How will we interact with the data network?

Original author: Tom Heath
  • Transfer

The semantic web is a common information space of related data, intended more for machines than for people. Is it so? Yes and no. Indeed, machine-readable data endowed with precise semantics and published on the web together with the ability to link data into distributed sets are the main characteristic feature of the semantic web. Together, these features allow you to collect and combine heterogeneous data on an unprecedented scale, and the whole routine for us will be performed by machines.

However, all this is meaningless without a person who can reap the benefits of emerging opportunities. A machine-readable data network (semantic web or data network) is far from deleting a person from the process. Moreover, it opens up great prospects for the interaction of man and machine.

To date, the semantic web community has mainly been developing technical infrastructure to make the data network feasible in principle, and publishing sets of related data to fill it with content. If we want to make full use of the prospects and capabilities of the data network, we need to overcome this initial stage and work on understanding how the paradigm of user interaction with the network is changing.

In this article, I will discuss some aspects of how our interaction with the data network can differ from the interaction with the existing network of documents, and what this can mean for both users and creators of network content.

Semantic Web: From Vision to Reality

In 1999, Jakob Nielsen wrote about the looming crisis: the network grew at an incredible rate, and he predicted that without increased attention to the principles of the user interface, it would become a useless dump of documents. Almost 10 years have passed since then and the network is experiencing a new round of its development. A data network or semantic web arises, foreseen in more than a decade, and is the result of many years of work on the technologies underlying it. Although we can consider them various concepts, a data network is probably another step in the development of the web that we know, and not something completely different from the existing network of hypertext documents.

Today, even growth statistics are not given in terms of pages or sites. Instead, they talk about the number of triplets placed on the data network using the Resource Description Framework (RDF) and the number of links created by triplets between different data sets.

RDF is a machine-readable entity specification developed by W3C. Each of these statements consists of three parts: the subject, the predicate and the object, and is therefore called a triplet. In most cases, the subject in the triplet is a uniform Resource Identifier (URI), which allows you to identify everything that the data creator wants: a person, a place, a document on the network, an abstract concept - in general, that's all. The predicate determines the nature of the relationship between the subject and the object, is taken from dictionaries located on the network and identified using the URI. An RDF triple object is usually a string literal or other URI. If the object is a URI from another namespace, that is, it defines something from a different data set, then the RDF triplet creates a link between these sets, linking isolated data islands into a giant distributed storage built on the basis of the architecture of the Internet.
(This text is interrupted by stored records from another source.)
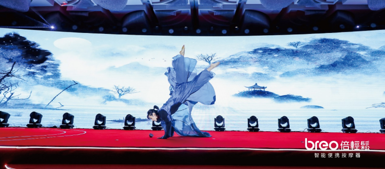 在晚會上,倍輕松邀請了風(fēng)暴舞者羅昱文表演中國古典舞《問月》?!拔ㄔ府?dāng)歌對酒時,月光長照金樽里。”這支舞蹈傳遞出中國東方美學(xué)和倍輕松的品牌哲學(xué)如出一轍的相似。舞者用古典神韻和舞姿將“與月相期邈云漢”的浪漫情懷表達(dá)的淋漓盡致。詩與酒,樂與舞,醉人心。
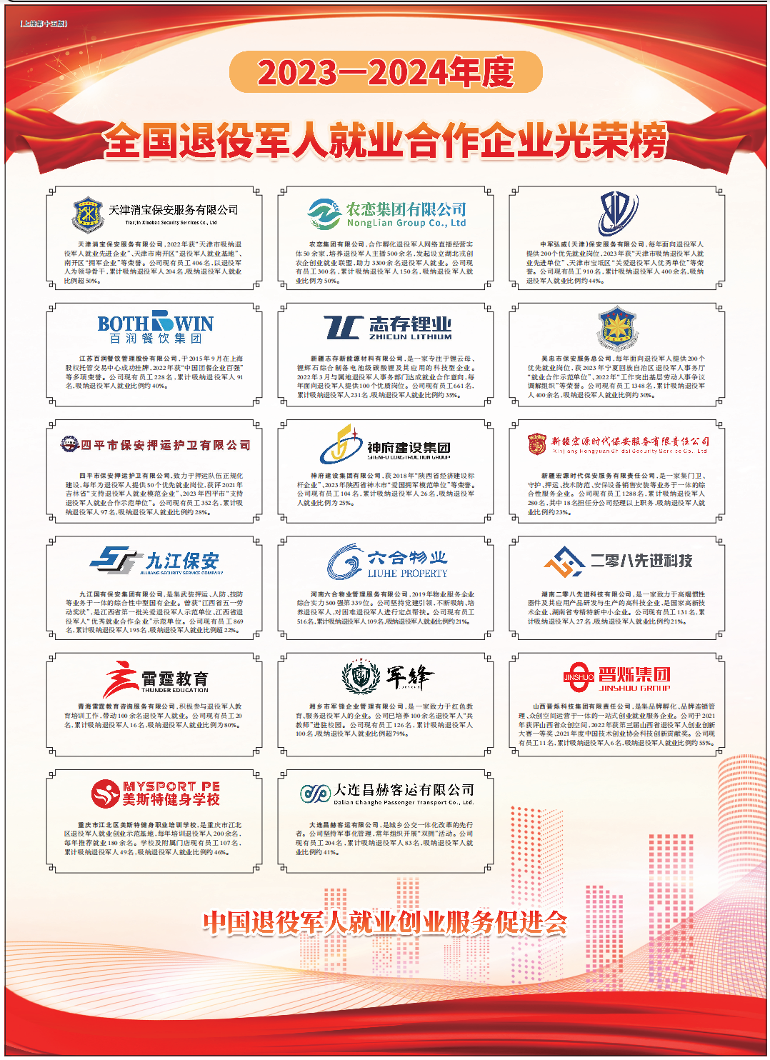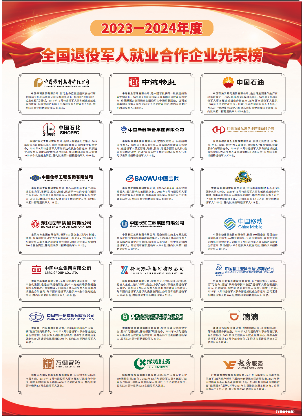 全国退役军人就业合作企业光荣榜
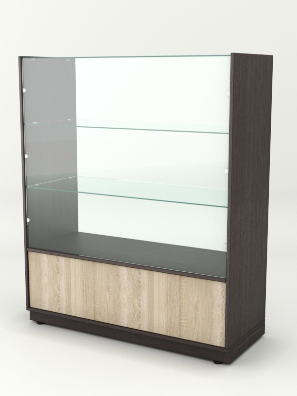 Прилавок предназначен для демонстрации и хранения чайно-кофейной продукции. Конструкция включает стеклянную витрину с двумя полками и накопитель. Прилавок открыт с внутренней стороны. Цвет корпуса можно заказать в семи стандартных вариантах, а также подобрать в палитре на заказ.

This is a real data network.

When the participants in the initial Linking Open Data project last attempted to calculate the current size of a data network, their cautious estimates showed that the data sets on the network contain more than two billion RDF triplets, three million of which are links between sets. The growth rate of this network is so great that any future estimates seem to be out of date at the time of publication.

Another additional feature of RDF: you can combine triplets contained in any number of documents distributed over the network. Source documents can be painlessly combined without the need for the resulting graph to correspond to any particular scheme. One consequence of this is significantly less headache associated with the integration of heterogeneous data.

Throw out your home page!

In a network of documents, individuals and organizations often devote much attention to the design of externally attractive sites that create the right impression for their target audience. But if RDF allows you to combine data from multiple sources to create a consistent image of some entity, how will this affect the way we host data on the network? This will lead to the fact that the web pages in the form in which we are accustomed to perceive them now, simply disappear.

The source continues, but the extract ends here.